[Saved entries]
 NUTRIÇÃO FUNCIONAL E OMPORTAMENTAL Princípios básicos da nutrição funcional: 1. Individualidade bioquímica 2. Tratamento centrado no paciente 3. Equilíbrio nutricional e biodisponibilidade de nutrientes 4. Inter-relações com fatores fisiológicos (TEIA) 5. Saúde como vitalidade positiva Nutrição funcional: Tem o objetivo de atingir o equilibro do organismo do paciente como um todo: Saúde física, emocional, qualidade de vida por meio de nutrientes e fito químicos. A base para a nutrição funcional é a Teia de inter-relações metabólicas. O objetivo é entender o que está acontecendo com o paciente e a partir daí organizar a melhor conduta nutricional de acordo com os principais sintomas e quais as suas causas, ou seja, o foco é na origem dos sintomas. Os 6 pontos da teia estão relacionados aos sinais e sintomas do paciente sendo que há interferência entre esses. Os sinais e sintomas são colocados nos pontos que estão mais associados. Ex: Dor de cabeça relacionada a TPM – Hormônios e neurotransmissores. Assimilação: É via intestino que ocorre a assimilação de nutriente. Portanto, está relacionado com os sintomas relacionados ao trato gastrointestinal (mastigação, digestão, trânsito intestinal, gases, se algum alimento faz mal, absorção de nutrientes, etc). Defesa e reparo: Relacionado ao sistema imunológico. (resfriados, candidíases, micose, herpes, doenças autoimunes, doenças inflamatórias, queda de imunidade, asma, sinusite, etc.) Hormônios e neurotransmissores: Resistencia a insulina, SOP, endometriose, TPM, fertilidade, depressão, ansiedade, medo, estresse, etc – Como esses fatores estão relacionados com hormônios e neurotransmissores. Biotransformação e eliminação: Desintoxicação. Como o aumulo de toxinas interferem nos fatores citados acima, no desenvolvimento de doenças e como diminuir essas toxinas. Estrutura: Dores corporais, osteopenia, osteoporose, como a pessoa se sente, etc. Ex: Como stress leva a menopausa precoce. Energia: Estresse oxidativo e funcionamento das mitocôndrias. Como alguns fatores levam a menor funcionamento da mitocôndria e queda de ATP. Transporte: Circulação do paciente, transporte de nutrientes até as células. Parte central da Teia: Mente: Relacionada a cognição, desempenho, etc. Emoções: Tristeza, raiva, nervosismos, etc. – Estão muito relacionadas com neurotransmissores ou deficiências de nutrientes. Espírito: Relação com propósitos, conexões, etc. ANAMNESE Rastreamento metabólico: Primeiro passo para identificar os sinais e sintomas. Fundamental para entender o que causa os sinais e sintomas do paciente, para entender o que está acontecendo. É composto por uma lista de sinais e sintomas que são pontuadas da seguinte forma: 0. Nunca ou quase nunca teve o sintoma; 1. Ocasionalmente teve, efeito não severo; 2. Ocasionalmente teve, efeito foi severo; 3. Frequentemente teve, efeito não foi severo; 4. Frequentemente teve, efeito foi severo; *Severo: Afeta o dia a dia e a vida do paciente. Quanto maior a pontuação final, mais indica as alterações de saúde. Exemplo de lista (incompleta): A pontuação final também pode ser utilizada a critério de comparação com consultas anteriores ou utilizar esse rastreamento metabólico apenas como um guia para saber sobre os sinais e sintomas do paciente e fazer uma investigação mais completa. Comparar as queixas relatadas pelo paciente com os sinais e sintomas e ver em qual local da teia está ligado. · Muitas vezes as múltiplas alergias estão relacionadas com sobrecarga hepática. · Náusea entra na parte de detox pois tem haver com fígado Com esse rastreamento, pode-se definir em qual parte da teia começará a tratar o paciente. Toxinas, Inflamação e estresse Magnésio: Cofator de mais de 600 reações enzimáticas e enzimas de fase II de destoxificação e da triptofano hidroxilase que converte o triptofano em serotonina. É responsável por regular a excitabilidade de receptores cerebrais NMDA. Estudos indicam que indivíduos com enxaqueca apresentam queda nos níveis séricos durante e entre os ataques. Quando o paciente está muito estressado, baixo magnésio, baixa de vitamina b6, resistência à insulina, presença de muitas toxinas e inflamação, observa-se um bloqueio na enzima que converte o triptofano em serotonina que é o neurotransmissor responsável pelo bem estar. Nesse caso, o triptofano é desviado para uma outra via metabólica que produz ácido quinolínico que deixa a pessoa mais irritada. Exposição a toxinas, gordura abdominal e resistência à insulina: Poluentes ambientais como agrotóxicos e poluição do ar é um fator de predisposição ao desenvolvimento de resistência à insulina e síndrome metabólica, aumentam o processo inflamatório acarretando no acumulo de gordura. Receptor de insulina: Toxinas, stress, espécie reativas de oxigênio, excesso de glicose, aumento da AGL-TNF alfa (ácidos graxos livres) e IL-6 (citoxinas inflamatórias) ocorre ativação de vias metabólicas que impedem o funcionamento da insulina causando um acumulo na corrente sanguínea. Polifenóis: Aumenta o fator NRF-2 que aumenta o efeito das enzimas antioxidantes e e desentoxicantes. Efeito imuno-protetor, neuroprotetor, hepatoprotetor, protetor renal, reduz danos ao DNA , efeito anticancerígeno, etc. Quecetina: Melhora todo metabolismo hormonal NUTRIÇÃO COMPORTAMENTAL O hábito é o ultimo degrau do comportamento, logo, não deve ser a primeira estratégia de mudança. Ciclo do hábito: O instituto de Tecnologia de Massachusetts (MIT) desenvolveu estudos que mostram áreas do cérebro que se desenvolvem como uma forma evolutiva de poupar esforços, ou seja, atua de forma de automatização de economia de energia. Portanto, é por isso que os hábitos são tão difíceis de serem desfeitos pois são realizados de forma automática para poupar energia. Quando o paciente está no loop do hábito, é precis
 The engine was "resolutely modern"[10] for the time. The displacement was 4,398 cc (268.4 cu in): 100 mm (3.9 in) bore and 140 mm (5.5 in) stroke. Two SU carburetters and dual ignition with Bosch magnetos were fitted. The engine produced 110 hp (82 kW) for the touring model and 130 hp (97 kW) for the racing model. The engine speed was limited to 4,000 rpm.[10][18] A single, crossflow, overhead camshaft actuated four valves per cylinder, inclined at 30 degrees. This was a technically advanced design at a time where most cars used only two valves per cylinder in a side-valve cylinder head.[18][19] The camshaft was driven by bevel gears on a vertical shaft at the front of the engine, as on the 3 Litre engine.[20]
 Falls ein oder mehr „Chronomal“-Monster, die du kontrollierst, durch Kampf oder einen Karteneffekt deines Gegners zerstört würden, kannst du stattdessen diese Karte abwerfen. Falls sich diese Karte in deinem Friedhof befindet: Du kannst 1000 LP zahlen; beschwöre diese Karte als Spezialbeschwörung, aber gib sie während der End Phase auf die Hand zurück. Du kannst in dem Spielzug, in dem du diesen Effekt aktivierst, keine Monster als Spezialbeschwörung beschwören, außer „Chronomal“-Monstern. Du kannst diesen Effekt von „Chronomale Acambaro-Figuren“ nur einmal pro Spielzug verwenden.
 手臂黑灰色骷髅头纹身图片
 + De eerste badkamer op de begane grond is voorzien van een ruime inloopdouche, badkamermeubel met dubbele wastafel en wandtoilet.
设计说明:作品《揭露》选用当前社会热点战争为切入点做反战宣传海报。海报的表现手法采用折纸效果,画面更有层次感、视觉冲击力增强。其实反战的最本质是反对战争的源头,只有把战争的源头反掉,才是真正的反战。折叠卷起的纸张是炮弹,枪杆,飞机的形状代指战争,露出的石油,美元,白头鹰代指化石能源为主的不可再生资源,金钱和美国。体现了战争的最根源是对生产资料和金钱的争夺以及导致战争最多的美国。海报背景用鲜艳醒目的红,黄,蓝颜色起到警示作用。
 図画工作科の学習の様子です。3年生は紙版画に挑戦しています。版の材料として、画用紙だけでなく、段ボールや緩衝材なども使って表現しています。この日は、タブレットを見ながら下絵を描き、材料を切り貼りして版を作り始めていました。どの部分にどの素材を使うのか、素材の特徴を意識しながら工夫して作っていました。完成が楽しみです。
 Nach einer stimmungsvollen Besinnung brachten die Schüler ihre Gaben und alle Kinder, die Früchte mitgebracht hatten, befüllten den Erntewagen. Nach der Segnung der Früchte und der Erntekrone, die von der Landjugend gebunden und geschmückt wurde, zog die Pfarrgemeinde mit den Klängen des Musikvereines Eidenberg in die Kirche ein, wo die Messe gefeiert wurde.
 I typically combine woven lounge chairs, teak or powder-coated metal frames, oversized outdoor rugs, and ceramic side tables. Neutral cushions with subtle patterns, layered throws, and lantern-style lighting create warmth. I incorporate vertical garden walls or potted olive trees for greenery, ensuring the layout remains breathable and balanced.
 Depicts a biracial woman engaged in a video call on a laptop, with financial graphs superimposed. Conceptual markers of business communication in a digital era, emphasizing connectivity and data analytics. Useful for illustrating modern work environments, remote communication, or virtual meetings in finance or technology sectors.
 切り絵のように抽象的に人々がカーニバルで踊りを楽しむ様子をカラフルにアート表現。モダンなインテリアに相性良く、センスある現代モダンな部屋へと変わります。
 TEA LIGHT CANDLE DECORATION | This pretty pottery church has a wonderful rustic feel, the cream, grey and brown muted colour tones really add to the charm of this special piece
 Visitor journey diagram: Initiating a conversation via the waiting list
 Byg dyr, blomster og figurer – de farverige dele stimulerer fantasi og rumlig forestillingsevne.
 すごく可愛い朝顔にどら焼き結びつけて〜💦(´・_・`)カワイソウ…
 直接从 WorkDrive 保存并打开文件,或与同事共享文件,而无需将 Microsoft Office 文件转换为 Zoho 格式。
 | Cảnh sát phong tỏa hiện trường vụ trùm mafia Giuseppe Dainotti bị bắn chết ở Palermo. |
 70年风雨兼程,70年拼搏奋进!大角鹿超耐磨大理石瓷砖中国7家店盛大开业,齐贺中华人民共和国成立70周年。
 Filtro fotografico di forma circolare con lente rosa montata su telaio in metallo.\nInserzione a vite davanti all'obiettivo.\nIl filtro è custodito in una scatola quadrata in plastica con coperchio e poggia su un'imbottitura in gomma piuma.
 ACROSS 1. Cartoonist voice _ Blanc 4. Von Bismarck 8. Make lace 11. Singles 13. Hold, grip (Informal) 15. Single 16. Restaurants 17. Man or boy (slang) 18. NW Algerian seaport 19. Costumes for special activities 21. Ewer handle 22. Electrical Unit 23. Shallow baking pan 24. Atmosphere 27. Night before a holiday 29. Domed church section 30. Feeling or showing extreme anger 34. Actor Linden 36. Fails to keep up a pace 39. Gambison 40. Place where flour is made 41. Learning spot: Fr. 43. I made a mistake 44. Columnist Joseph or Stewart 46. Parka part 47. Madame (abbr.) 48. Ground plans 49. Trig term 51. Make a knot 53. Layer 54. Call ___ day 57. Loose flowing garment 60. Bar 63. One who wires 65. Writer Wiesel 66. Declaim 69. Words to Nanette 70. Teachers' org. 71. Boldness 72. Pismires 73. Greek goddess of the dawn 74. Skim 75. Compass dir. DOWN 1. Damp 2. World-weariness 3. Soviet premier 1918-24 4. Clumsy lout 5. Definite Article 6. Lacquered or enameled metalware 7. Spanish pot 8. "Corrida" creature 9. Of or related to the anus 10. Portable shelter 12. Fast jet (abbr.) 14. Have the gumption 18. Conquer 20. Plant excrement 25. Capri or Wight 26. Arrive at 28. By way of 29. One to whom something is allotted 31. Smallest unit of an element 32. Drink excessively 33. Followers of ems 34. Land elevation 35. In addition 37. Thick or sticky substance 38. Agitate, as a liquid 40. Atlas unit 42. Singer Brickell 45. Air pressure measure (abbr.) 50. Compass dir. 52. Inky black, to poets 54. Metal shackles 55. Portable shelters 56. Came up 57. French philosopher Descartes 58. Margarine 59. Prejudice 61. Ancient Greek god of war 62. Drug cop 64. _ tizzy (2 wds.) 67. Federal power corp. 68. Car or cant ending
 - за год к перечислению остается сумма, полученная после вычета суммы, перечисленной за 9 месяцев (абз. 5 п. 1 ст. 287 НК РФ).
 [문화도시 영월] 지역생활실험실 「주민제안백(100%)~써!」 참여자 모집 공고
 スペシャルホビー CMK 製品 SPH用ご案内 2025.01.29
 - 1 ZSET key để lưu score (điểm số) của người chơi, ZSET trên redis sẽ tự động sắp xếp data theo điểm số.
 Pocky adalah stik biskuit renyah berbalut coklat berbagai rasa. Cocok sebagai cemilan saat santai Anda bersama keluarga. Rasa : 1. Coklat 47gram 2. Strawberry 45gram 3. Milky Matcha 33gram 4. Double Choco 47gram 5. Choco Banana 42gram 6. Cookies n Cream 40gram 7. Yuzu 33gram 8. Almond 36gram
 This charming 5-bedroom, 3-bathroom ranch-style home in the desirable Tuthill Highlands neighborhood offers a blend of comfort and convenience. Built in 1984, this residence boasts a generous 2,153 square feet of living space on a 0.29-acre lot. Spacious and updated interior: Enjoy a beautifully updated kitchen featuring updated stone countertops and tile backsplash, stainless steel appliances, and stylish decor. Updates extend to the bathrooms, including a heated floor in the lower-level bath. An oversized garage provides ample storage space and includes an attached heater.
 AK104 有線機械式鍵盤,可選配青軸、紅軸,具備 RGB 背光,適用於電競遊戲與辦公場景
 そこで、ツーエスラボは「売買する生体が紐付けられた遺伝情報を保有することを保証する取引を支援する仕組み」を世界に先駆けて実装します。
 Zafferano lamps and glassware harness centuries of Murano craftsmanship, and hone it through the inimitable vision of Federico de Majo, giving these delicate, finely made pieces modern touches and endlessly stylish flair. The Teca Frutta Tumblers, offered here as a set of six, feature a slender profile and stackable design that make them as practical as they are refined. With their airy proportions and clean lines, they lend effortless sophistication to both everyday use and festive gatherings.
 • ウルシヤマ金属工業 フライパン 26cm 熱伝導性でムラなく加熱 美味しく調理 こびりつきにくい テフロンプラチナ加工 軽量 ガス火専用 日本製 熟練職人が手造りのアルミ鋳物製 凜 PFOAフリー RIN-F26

◆ EXERCISE OBJECTIVE
Only one stretch of the records above is wanted: the lines between the one holding "TEA LIGHT CANDLE" and the one holding "Filtro fotografico di", inclusive, reproduced exactly.

◆ REPLY TO THE TASK
 TEA LIGHT CANDLE DECORATION | This pretty pottery church has a wonderful rustic feel, the cream, grey and brown muted colour tones really add to the charm of this special piece
 Visitor journey diagram: Initiating a conversation via the waiting list
 Byg dyr, blomster og figurer – de farverige dele stimulerer fantasi og rumlig forestillingsevne.
 すごく可愛い朝顔にどら焼き結びつけて〜💦(´・_・`)カワイソウ…
 直接从 WorkDrive 保存并打开文件,或与同事共享文件,而无需将 Microsoft Office 文件转换为 Zoho 格式。
 | Cảnh sát phong tỏa hiện trường vụ trùm mafia Giuseppe Dainotti bị bắn chết ở Palermo. |
 70年风雨兼程,70年拼搏奋进!大角鹿超耐磨大理石瓷砖中国7家店盛大开业,齐贺中华人民共和国成立70周年。
 Filtro fotografico di forma circolare con lente rosa montata su telaio in metallo.\nInserzione a vite davanti all'obiettivo.\nIl filtro è custodito in una scatola quadrata in plastica con coperchio e poggia su un'imbottitura in gomma piuma.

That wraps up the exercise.